Image flagging
The image flagging system automatically identifies inappropriate or problematic content in product images to help maintain Open Food Facts' image quality standards.
How it works
Image flagging uses multiple detection methods to identify content that may not be appropriate for a food database:
- Face Detection – Uses Google Cloud Vision's Face Detection API to identify images containing human faces.
- Label Annotation – Scans for labels indicating the presence of humans, pets, electronics, or other non-food items.
- Safe Search – Uses Google Cloud Vision's Safe Search API to detect adult content or violence.
- Text Detection – Analyzes OCR text for keywords related to beauty products or other inappropriate content.

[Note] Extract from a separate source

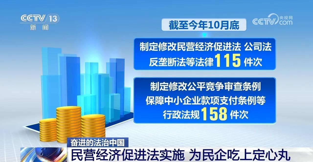 為推進法治化營商環境建設,五年來,我國深入推進科學立法、民主立法、依法立法,切實以高質量立法保障經濟社會高質量發展,截至今年10月底,制定修改民營經濟促進法、公司法、反壟斷法等法律115件次,制定修改公平競爭審查條例、保障中小企業款項支付條例等行政法規158件次。同時,堅持立改廢釋并舉,對全部現行600多部行政法規開展集中清理,統籌開展涉企不平等政策和法律法規清理,為建設統一大市場、推動高質量發展提供了重要保障和支撐。

When flagged content is detected, an image_flag
prediction is generated with details about the issue and the associated confidence level. These predictions trigger notifications to moderation services where humans can review potentially problematic images.
Detection Methods
Face Detection
The system processes faceAnnotations
from Google Cloud Vision to detect human faces. If multiple faces are detected, the one with the highest confidence score is used. Only faces with a detection confidence ≥ 0.6 are flagged to minimize false positives.
Prediction data includes:
type
: "face_annotation"label
: "face"likelihood
: Detection confidence score
Label Annotation Detection
The system flags images containing specific labels from Google Cloud Vision with confidence scores ≥ 0.6. Only the first matching label is flagged per image.
Human-related labels:
- Face, Head, Selfie, Hair, Forehead, Chin, Cheek
- Arm, Tooth, Human Leg, Ankle, Eyebrow, Ear, Neck, Jaw, Nose
- Facial Expression, Glasses, Eyewear
- Child, Baby, Human
Other flagged labels:
- Pets: Dog, Cat
- Technology: Computer, Laptop, Refrigerator
- Clothing: Jeans, Shoe
The prediction data includes:
type
: "label_annotation"label
: The detected label (lowercase)likelihood
: Label confidence score
Safe Search Detection
The Safe Search API flags the following categories only if marked as "VERY_LIKELY":
- Adult content – Sexually explicit material
- Violence – Graphic or violent imagery
The prediction data includes:
type
: "safe_search_annotation"label
: "adult" or "violence"likelihood
: Likelihood level name
Text-based Detection
The system scans OCR-extracted text for keywords from predefined keyword files. Only the first matching keyword is flagged per image.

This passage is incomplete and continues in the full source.